:: INSTRUCTIONS FOR THE TASK ::
Write out the entries below exactly, but only from the line containing "Peach Golden Elephant" through the line containing "Закончите предложения : Рассказ", and without the pictures.

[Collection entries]
Content starts

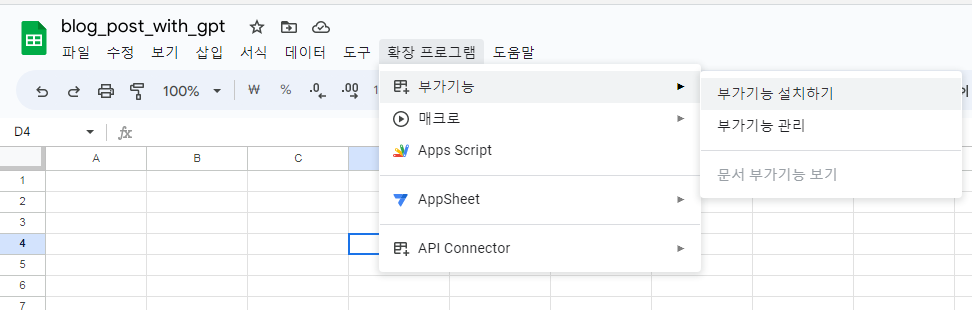 확장프로그램 > 부가기능 > 부가기능 설치하기로 이동한다.
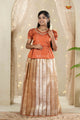 Peach Golden Elephant Traditional Pattu Pavadai Set for Girls
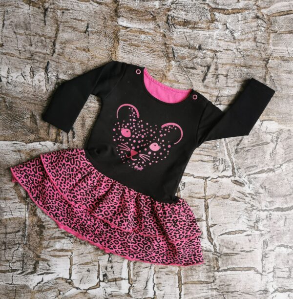 Sukienka z modnym wzorem panterki. Z prawej i lewej strony ramienia jest zapinana na bezniklowe napki, które nie uczulają. Skład materiału: 95% bawełna oraz 5% elastan. Polski producent Mrofi.
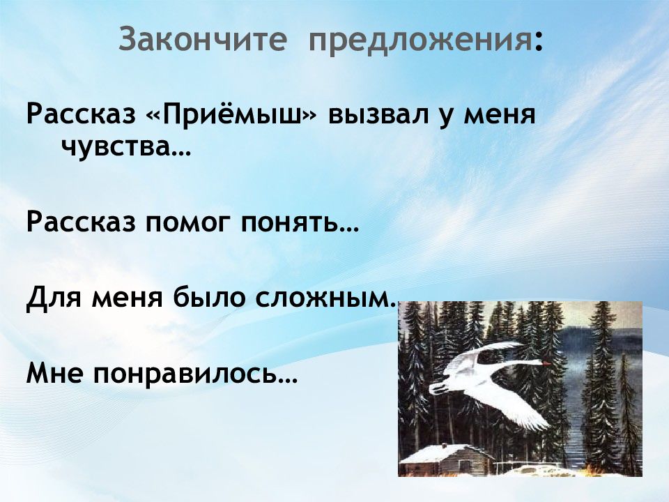 Закончите предложения : Рассказ «Приёмыш» вызвал у меня чувства… Рассказ помог понять… Для меня было сложным… Мне понравилось…
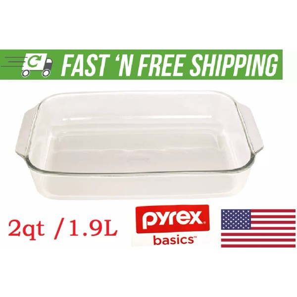 Pyrex Basics 3Qt, 2Qt Glass Oblong Baking Dish Clear Bakeware Kitchenware - 2QT
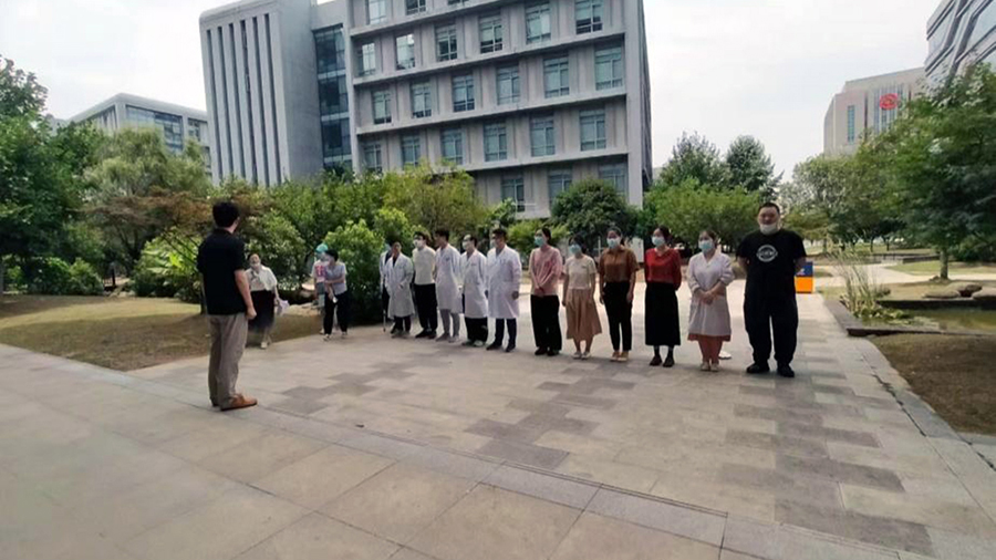 安全員陳海華組織大家開(kāi)展應(yīng)急演練。上午10點(diǎn)實(shí)驗(yàn)人員報(bào)告:“高效液相色譜儀著火”,搶險(xiǎn)救援組立刻拿滅火器滅火,警戒疏散組組織人員按照逃生路線(xiàn)進(jìn)行疏散,迅速有序地進(jìn)行撤離。
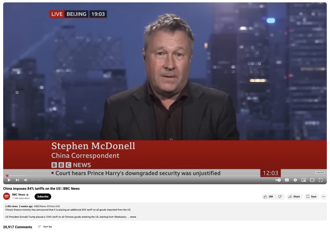 A BBC report on China's decision to raise tariffs on US imports to 84 percent, effective from 12:01 p.m. on April 10, in response to the US move to increase reciprocal tariffs, sparked widespread discussion on YouTube. /CGTN
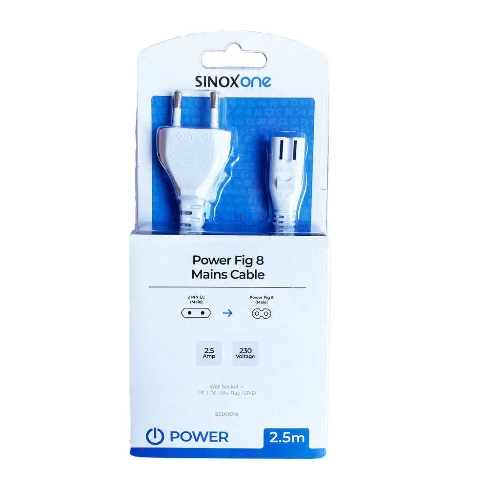 Sinox One strømkabel fra almindeligt vægudtag til 8-tals strømstik. 2.5amp 230V. 2,5 amp
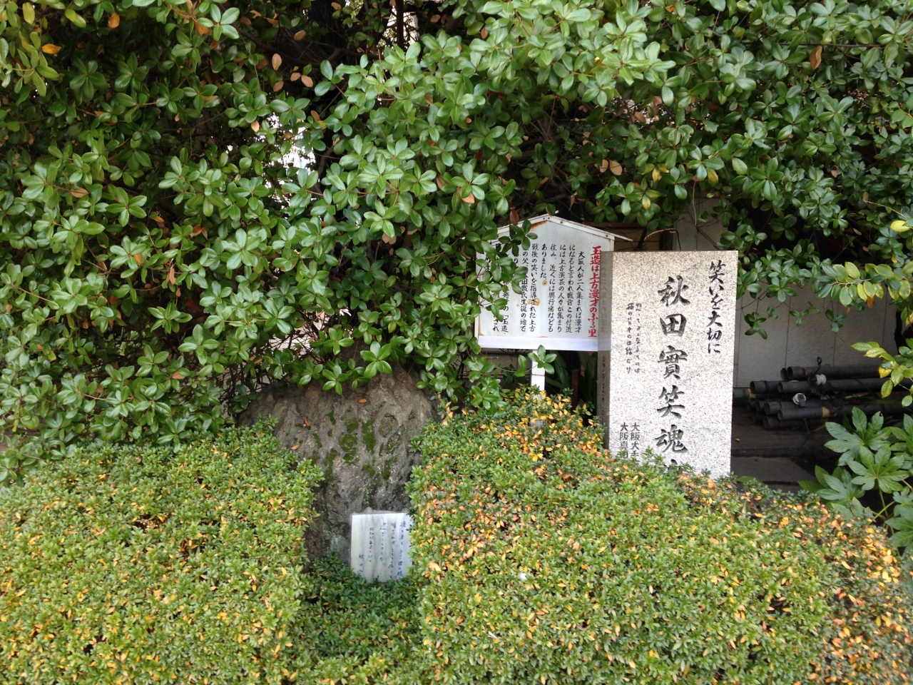 刻まれている石碑で、いつの時代も笑いや笑顔の大切さを思い出させてくれる碑です。
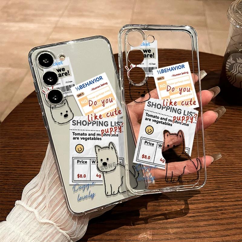 Cute Puppy Sticker Collage TPU Phone Case For IPhone 15 14 13 12 11 Pro Max & Samsung Galaxy S24 S23 S22 Ultra, Clear Shockproof Protective Cover

Content ends

:: RESPONSE TO THIS TASK ::
 Peach Golden Elephant Traditional Pattu Pavadai Set for Girls
 Sukienka z modnym wzorem panterki. Z prawej i lewej strony ramienia jest zapinana na bezniklowe napki, które nie uczulają. Skład materiału: 95% bawełna oraz 5% elastan. Polski producent Mrofi.
 Закончите предложения : Рассказ «Приёмыш» вызвал у меня чувства… Рассказ помог понять… Для меня было сложным… Мне понравилось…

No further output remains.